I'd grabbed the apk for the app and a copy of jadx, an incredibly useful piece of code that's surprisingly good at turning compiled Android apps into something resembling Java source. I dug through that for a while before figuring out that before packets were being sent, they were being handed off to some sort of encryption code. I couldn't find that in the app, but there was a native ARM library shipped with it. Running strings on that showed functions with names matching the calls in the Java code, so that made sense. There were also references to AES, which explained why when I ran tcpdump I only saw bizarre garbage packets.

But what was surprising was that most of these packets were substantially similar. There were a load that were identical other than a 16-byte chunk in the middle. That plus the fact that every payload length was a multiple of 16 bytes strongly indicated that AES was being used in ECB mode. In ECB mode each plaintext is split up into 16-byte chunks and encrypted with the same key. The same plaintext will always result in the same encrypted output. This implied that the packets were substantially similar and that the encryption key was static.

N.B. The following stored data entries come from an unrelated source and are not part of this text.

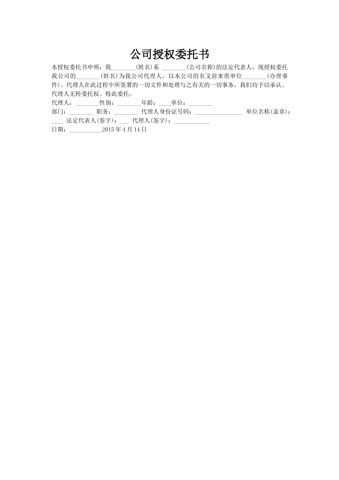 公司授权委托书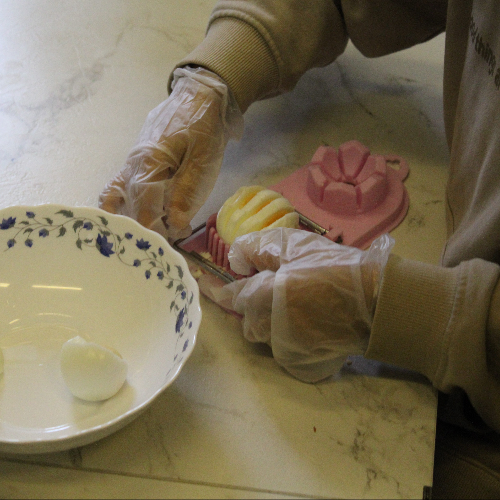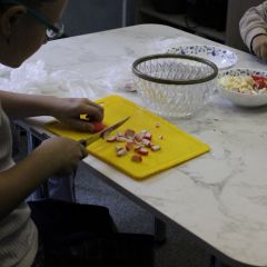 Салат - очень удобное блюдо, в котором, как правило, сочетаются несколько составляющих. Это невероятное поле для творчества, но главное - это просто, вкусно и полезно. Ребята учились работать с ножом, теркой, яйцерезкой, смешивать компоненты. Когда салат был готов – детки с удовольствием съели его.
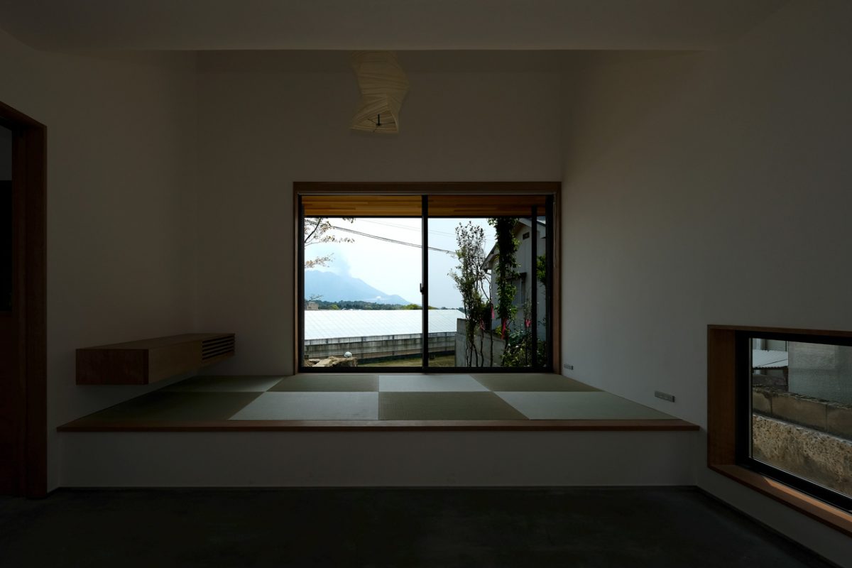 桜島を借景にできることは大きな特徴だが、将来視界を遮るように住宅が建つことも考えられるので、この景観に頼りすぎてはいけない。細長い土地の形状を活かしながら、北の空の美しさにも目を向けられるように設計した。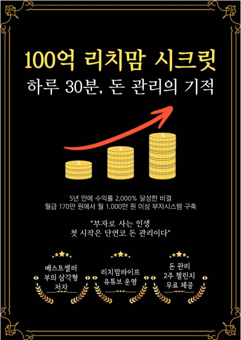 요즘 많은 사람들이 경제적 자유를 꿈꾼다. 나 또한 이보다는 소박하지만, 현재보다 더 나은 경제적 여유를 꿈꾼다. 이를 위해서 돈 공부를 시작하였다. 그러면서 자연스레 학교 선생님을 하다가 경제적 자유를 얻으신 [리치맘]을 알게 되었다. 그리고 감사하게도 [100억 리치맘 시크릿편, 하루 30분 돈관리 기적]이라는 전자책을 무료 이벤트를 통해 받아서 읽어보게 되었다.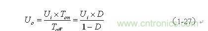 由(1-27)式可以看出,反轉(zhuǎn)式串聯(lián)開關電源輸出電壓與輸入電壓與開關接通的時間成正比,與開關關斷的時間成反比,而與儲能電感L的大小無關;與儲能電感L有關的是輸出電流的大小,電流的大小隱含在(1-21)、(1-25)、(1-26)式中。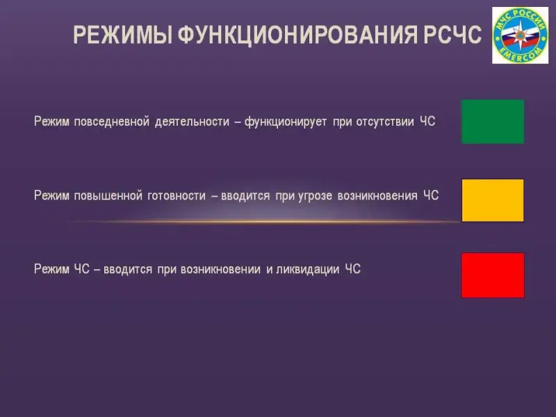 РСЧС имеет 3 режима функционирования в зависимости от складывающейся ситуации: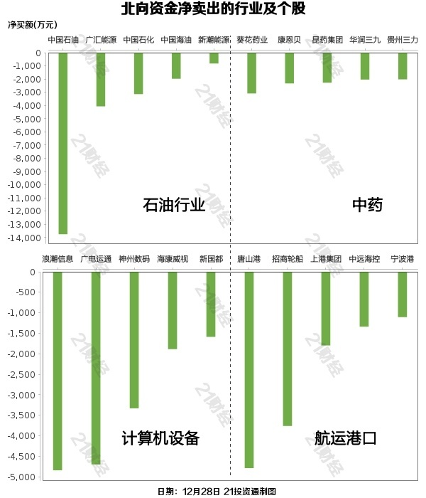 北向资金减握了19个行业,其中石油行业最多,净卖出金额达2.47亿元,其次是中药行业,净卖出2.28亿元。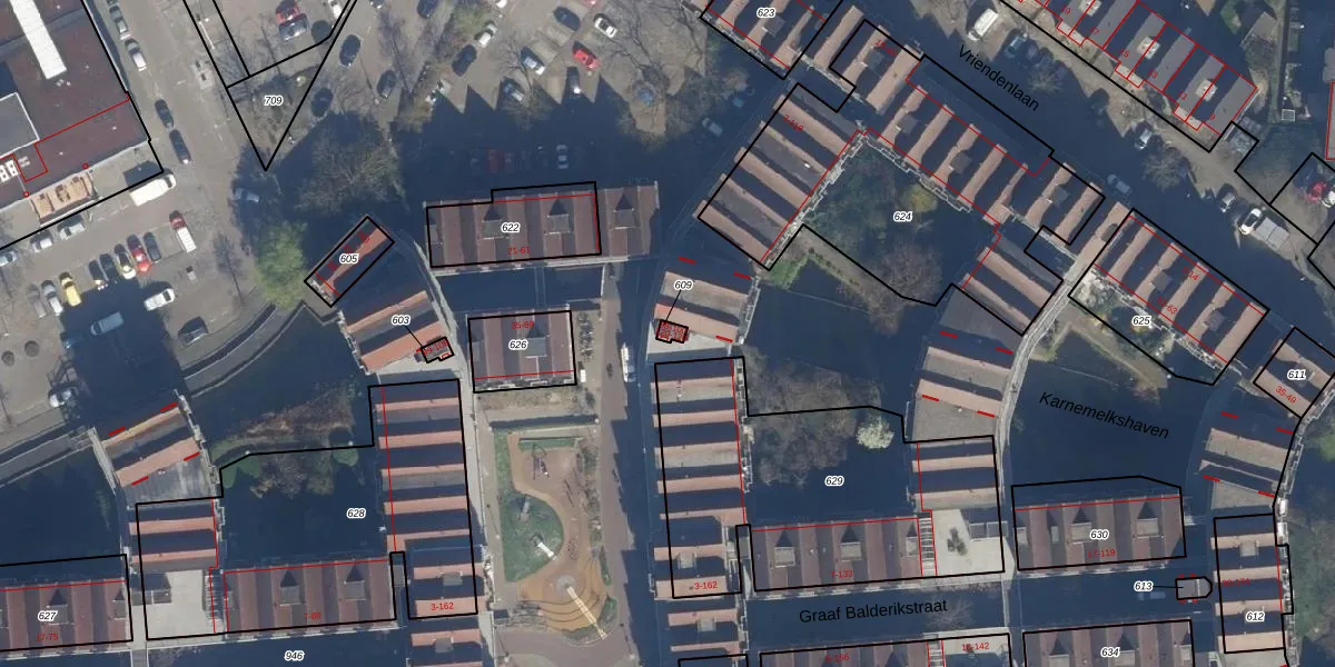 Het adres is gelegen op perceel 609 in de sectie AD en de kadastrale gemeente Rotterdam. De kadastrale aanduiding is aldus RTD08-AD-609. Het perceel is 11 m² groot. Dat is kleiner dan de gemiddelde perceeloppervlakte in Rotterdam, dat op 689,2 m² ligt. Het kleinste perceel in de kadastrale gemeente is 0 m² groot. De grootste perceeloppervlakte is 4,0 ha. Op het perceel liggen in totaal 5 adressen. In de Basisregistratie Kadaster (BRK) werden de grenzen van het perceel geregistreerd op 10-07-2003.
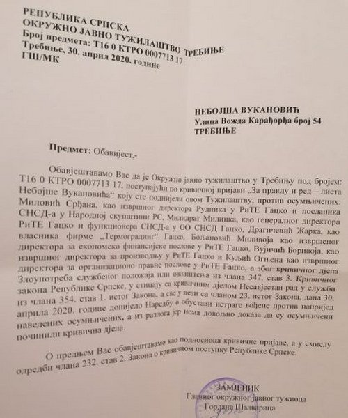 Nekoliko godina nakon što sam podnio Krivičnu prijavu protiv organizovane kriminalne grupe koja je uništila Rudnik i termoelektrane Gacko, danas sam dobio obavještenje Okružnog tužilaštva u Trebinju da je obustavljena istraga protiv grupe na čelu sa Srđanom Milovićem, tada poslanikom SNSD-a u Narodnoj skupštini Republike Srpske, jer navodne čestite kadije nisu imale dokaza iako sam im dostavio obimnu dokumentaciju.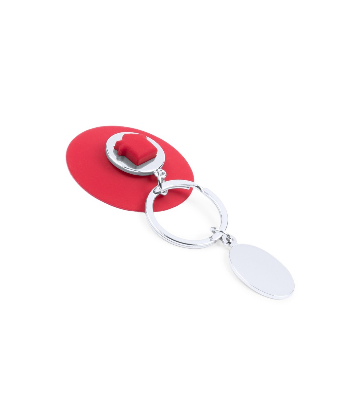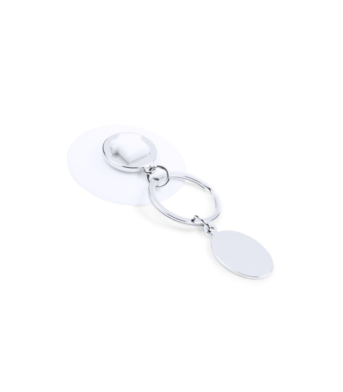 Llaveros con chapa metálica y ventosa de silicona extraíble para colocar en diferentes superficies colgados personalizados como detalles publicitarios.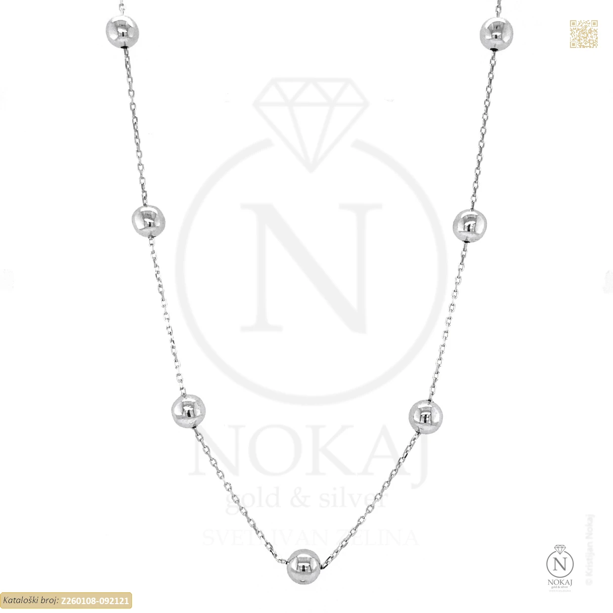 Lančić:, duljina: 42+3 cm, debljina: 0.6 mm • kuglice:3 mm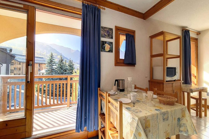 In the picturesque Grangeraies district, where alpine charm meets modern convenience, this inviting apartment offers a cozy retreat for your mountain adventures. With the Saint Martin 1 gondola lift just steps away, you’ll have direct access to the renowned 3 Valleys ski area, making it an ideal base for exploring one of the largest ski domains in the world. The south/west-facing balcony provides a serene spot to soak in the breathtaking views and golden sunsets over the snowy peaks, creating an atmosphere of tranquility and inspiration. \n\nThis 47 m² apartment comfortably accommodates up to six guests across its thoughtfully designed layout. The master bedroom features a plush double bed, while the second bedroom offers two single bunk beds, perfect for families or groups of friends. The living room includes a double sofa bed, satellite TV, and a warm, welcoming space to unwind after a day on the slopes. The well-equipped kitchen boasts modern appliances such as a mini-oven, refrigerator, dishwasher, and microwave, ensuring you can prepare hearty meals with ease. A separate bathroom with a bathtub and a separate WC add to the convenience and comfort of your stay. \n\nLocated just a 10-minute walk from the village center, you’ll find grocery stores, sports equipment shops, and ski schools within easy reach. Whether you’re seeking thrilling descents, peaceful walks through snow-covered trails, or a taste of local Savoyard cuisine, this location places you at the heart of it all. In winter, enjoy the added comfort of included linens, towels, and ski locker access for stays of seven nights or more. \n\nChoose this charming apartment for a memorable alpine escape, where every detail is designed to enhance your experience. From its prime location to its cozy interiors, it’s the perfect haven for creating unforgettable moments in the French Alps.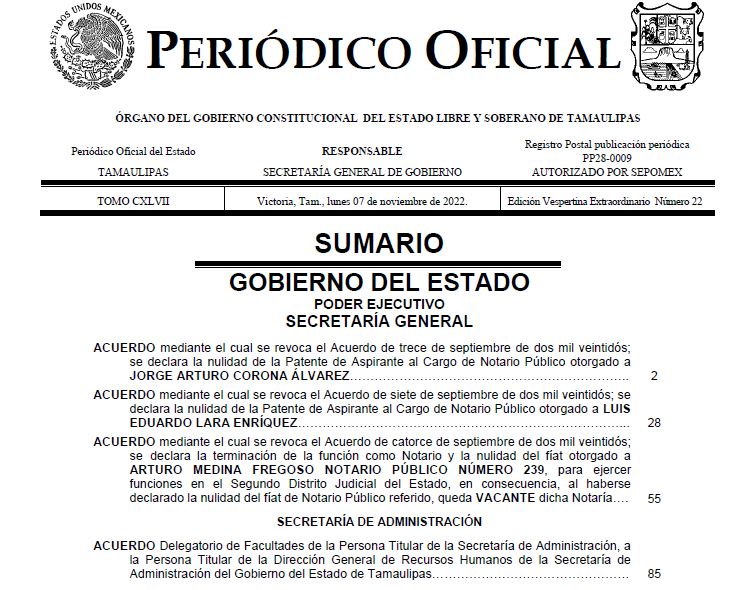 Cancelan Notaría y patentes de aspirantes de notarios otorgadas por Cabeza de Vaca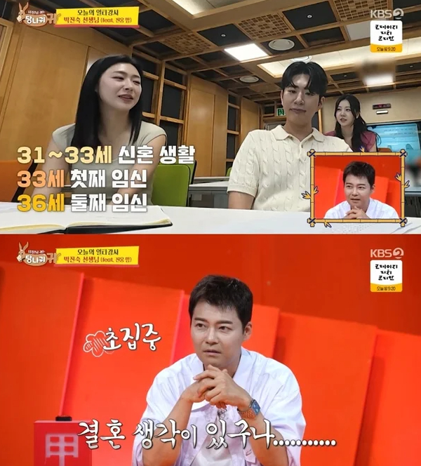 이에 홍주연은 "31세에 결혼해서 2년 신혼 생활 즐기고 33세에 첫째를 낳고 36세에 둘째를 낳는 게 목표"라며 "첫째는 딸, 둘째는 아들"이라고 답했다.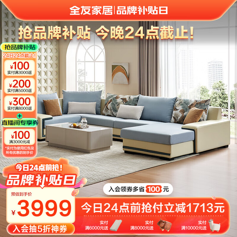 全友家居 家用布艺沙发现代简约大户型贵妃沙发家具客厅实木架102085价格:5712.86元!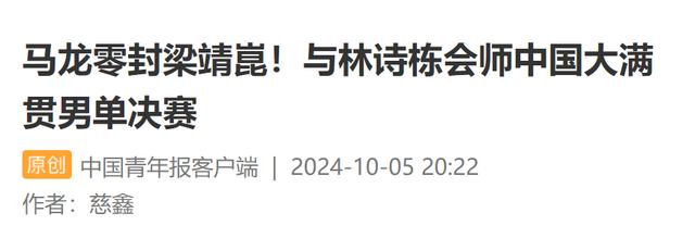 在昨晚结束的一场WTT世界乒联中国大满贯男单半决赛上,中国队老将马龙直落四局战胜了昨天下午夺得本次比赛男双冠军的队友梁靖崑,与小将林诗栋在男单决赛会师。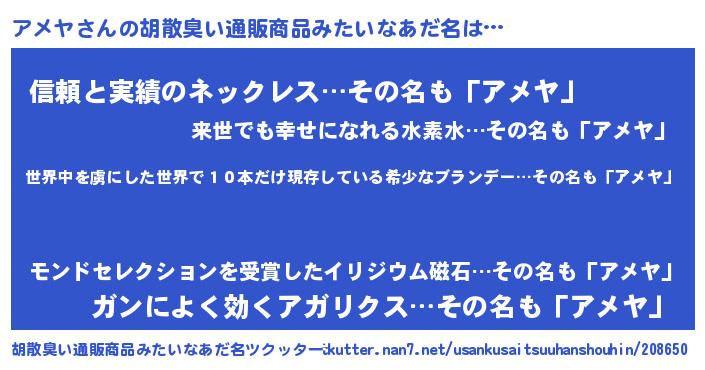 | 意味不明あだ名 | 『住所不定無職アメヤ(77歳)』『自称アメヤ』 |
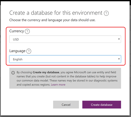 5. Once the environment is created, proceed for creating a Database. Select the currency and language for the data stored in the database and click on Create database.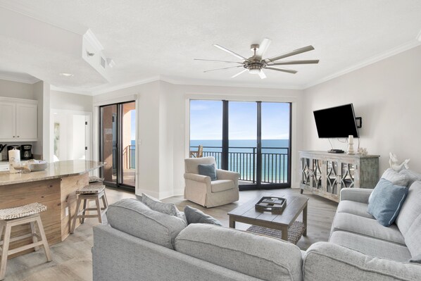 Escape to coastal luxury at SeaChase 802W, a beautifully decorated 3-bedroom, 2-bath Gulf-front condo offering 1,542 sq. ft. of bright, inviting living space—perfect for families and groups of friends. Breathtaking panoramic views of the Gulf of Mexico greet you the moment you step inside, and the private balcony is the ideal spot to enjoy morning coffee or evening wine as the sun sets over the water.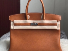 Hermès(爱马仕)Birkin 铂金包 马鞍皮 金棕色 gold 银扣 35cm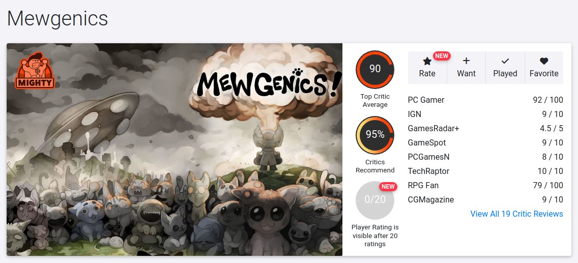 Eigentlich ein No-Brainer. Selbst wenn es nur ein kleiner DLC werden wird, wird der eine Grundqualität haben, die dafür sorgt, dass der Score niemals unter 80 fallen wird, und das ist noch konservativ geschätzt. Bei Team Cherry muss man natürlich damit rechnen, dass der DLC hier in einem Jahr erneut gedraftet wird, aber so zynisch wollen wir jetzt mal nicht sein. Prognose: 87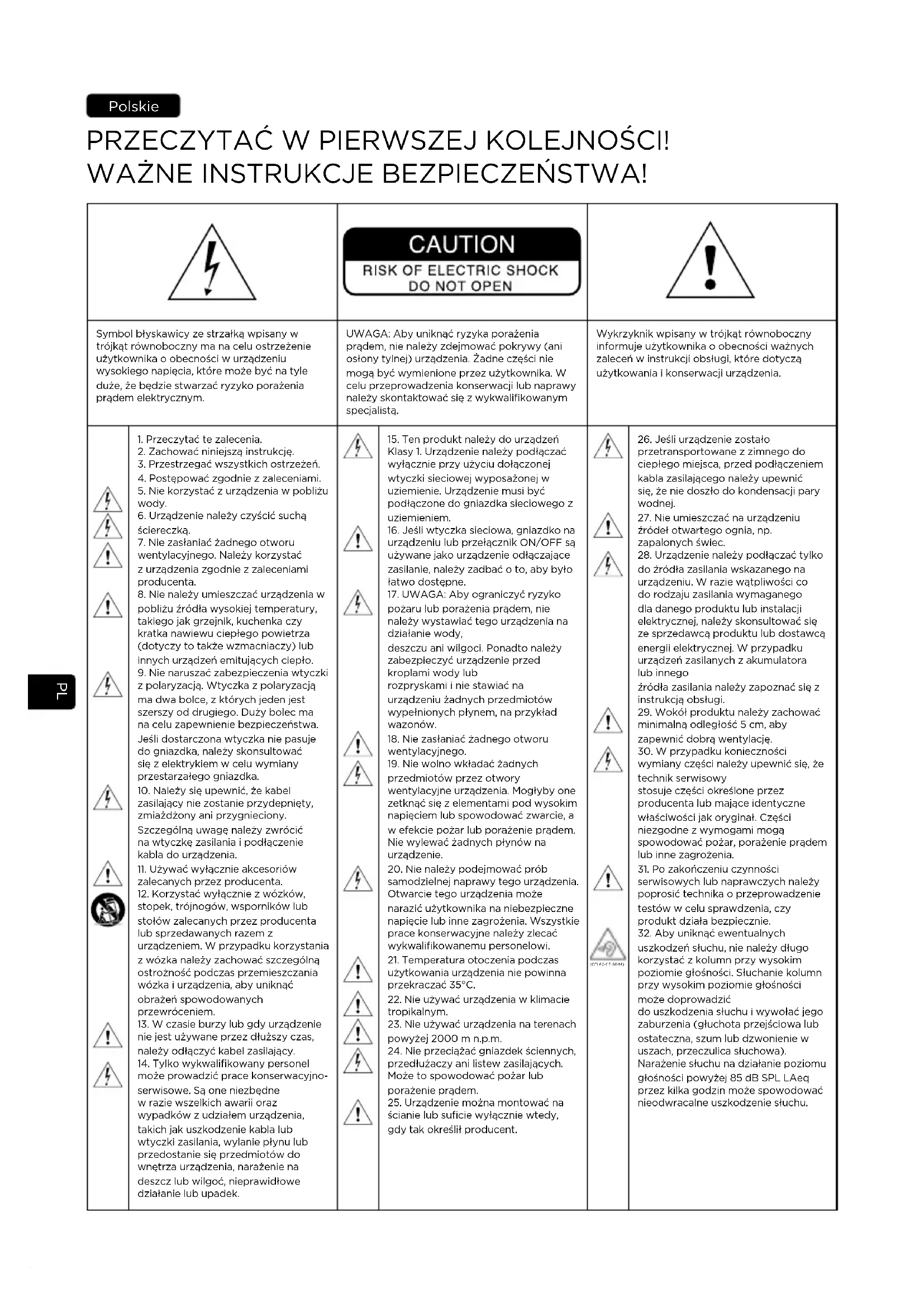 - Gewicht 5,95 kg (13.1 lbs) 7,6 kg (16.8 lbs)PL PRZECZYTAĆ W PIERWSZEJ KOLEJNOŚCI! WAŻNE INSTRUKCJE BEZPIECZEŃSTWA! Polskie Symbol błyskawicy ze strzałką wpisany w trójkąt równoboczny ma na celu ostrzeżenie użytkownika o obecności w urządzeniu wysokiego napięcia, które może być na tyle duże, że będzie stwarzać ryzyko porażenia prądem elektrycznym. UWAGA: Aby uniknąć ryzyka porażenia prądem, nie należy zdejmować pokrywy (ani osłony tylnej) urządzenia. Żadne części nie mogą być wymienione przez użytkownika. W celu przeprowadzenia konserwacji lub naprawy należy skontaktować się z wykwalifikowanym specjalistą. Wykrzyknik wpisany w trójkąt równoboczny informuje użytkownika o obecności ważnych zaleceń w instrukcji obsługi, które dotyczą użytkowania i konserwacji urządzenia.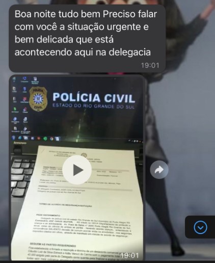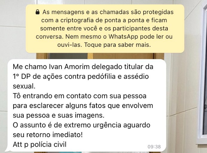 Golpistas se passaram por agentes da Polícia Civil para tentar extorquir um jovem em um novo golpe. O caso foi compartilhado pelo arquiteto Matheus Garcia em sua página no Twitter, e mostra como bandidos usam uma falsa acusação de pedofilia para chantagear vítimas.

Some more digging showed that someone had figured out the encryption key last year, and that someone else had written some tools to control the plug without needing to modify it. The protocol is basically ascii and consists mostly of the MAC address of the target device, a password and a command. This is then encrypted and sent to the device's IP address. The device then sends a challenge packet containing a random number. The app has to decrypt this, obtain the random number, create a response, encrypt that and send it before the command takes effect. This avoids the most obvious weakness around using ECB - since the same plaintext always encrypts to the same ciphertext, you could just watch encrypted packets go past and replay them to get the same effect, even if you didn't have the encryption key. Using a random number in a challenge forces you to prove that you actually have the key.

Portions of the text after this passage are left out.